The great news of this week was the arrival of the Covid vaccine. Praise God! This news was I’m sure akin to hearing the end of WWII was near. I heard a military general say this week, it was D-Day for Covid. He continued with the explanation D-Day did not mean the end of WWII, it meant the beginning of the end. We can only pray the same is true for the pandemic.
This led me to think about a news story I recently watched about COVID in South Dakota. This was of interest to me as that is where I was born and raised. In it they interviewed as 88-year-old-man lying in a hospital bed, his face partially obscured by tubes and wires. The camera went in for a close-up, highlighting wet streaks running down the deep creases of his creeks, his mouth open as he struggled to breathe. My heart ached for this man’s suffering.
When he spoke, his voice was weak, his words nearly inaudible: “It’s been a good life. These tears in my eyes are happy tears.”
Laying in a hospital bed, laboring to bring breath into his chest, he was gazing back over a long life well-lived and he was thankful. “My father told me, you know, everyone’s got troubles, you’ve got to help if you can, and I’ve done that all my life.”
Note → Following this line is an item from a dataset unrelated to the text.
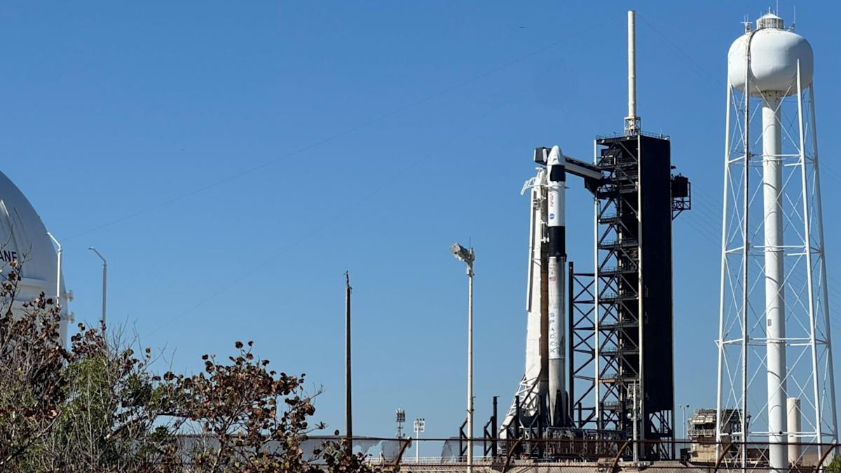 Stand Rocket Rocket و Dragon Endurance من SpaceX من SPACEX خلال محاولة إطلاقه الأولى لإرسال أربعة رواد فضاء إلى محطة الفضاء الدولية من مركز كينيدي للفضاء في كيب كانافيرال ، فلوريدا في 12 مارس 2025. | الائتمان: مستقبل/عشاء جوش
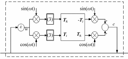 2015年,文獻(xiàn)[18]將電動(dòng)機(jī)傳動(dòng)控制中同步旋轉(zhuǎn)坐標(biāo)系(Synchronous Rotating Frame,SRF)變換的方法應(yīng)用于磁軸承系統(tǒng),其控制原理如圖7所示,相當(dāng)于一種新型的陷波濾波器,通過與控制器串聯(lián)工作在轉(zhuǎn)子低速旋轉(zhuǎn)時(shí)有良好的同步抑振性能。

The camera cut to a shot of the nurse’s gloved hand holding his bent and gnarled one. “And now they’re taking good care of you?” the journalist asked who was interviewing him.
“They are, they are, thank God,” the man whispered in reply.
In my seventh decade in life, I know what I could not as a child: prayer does not guarantee protection from grief and tragedy. Instead, prayer offers us wellsprings of grace to endure the inevitable hardships of life. Today, as I breathe in and I breathe out, it is a prayer. I am reminded of the man weeping tears of joy even in the midst of great suffering, the answer to his prayers, the discovery that in his prayers, the discovery that in his hour of greatest need he found himself surrounded by love. It seemed this might have been his D-Day, the beginning of the end of his life. I have no way of knowing whether he passed from this earth of whether he may still be alive and receive the long-awaited vaccine. Whatever the outcome, he was ready to pass to his Heavenly home and was content. I hope we can all feel God’s love the way this grateful, yet suffering man did and rejoice in this knowledge God loves us unconditionally and is waiting for us with open arms, whenever our D-Day comes.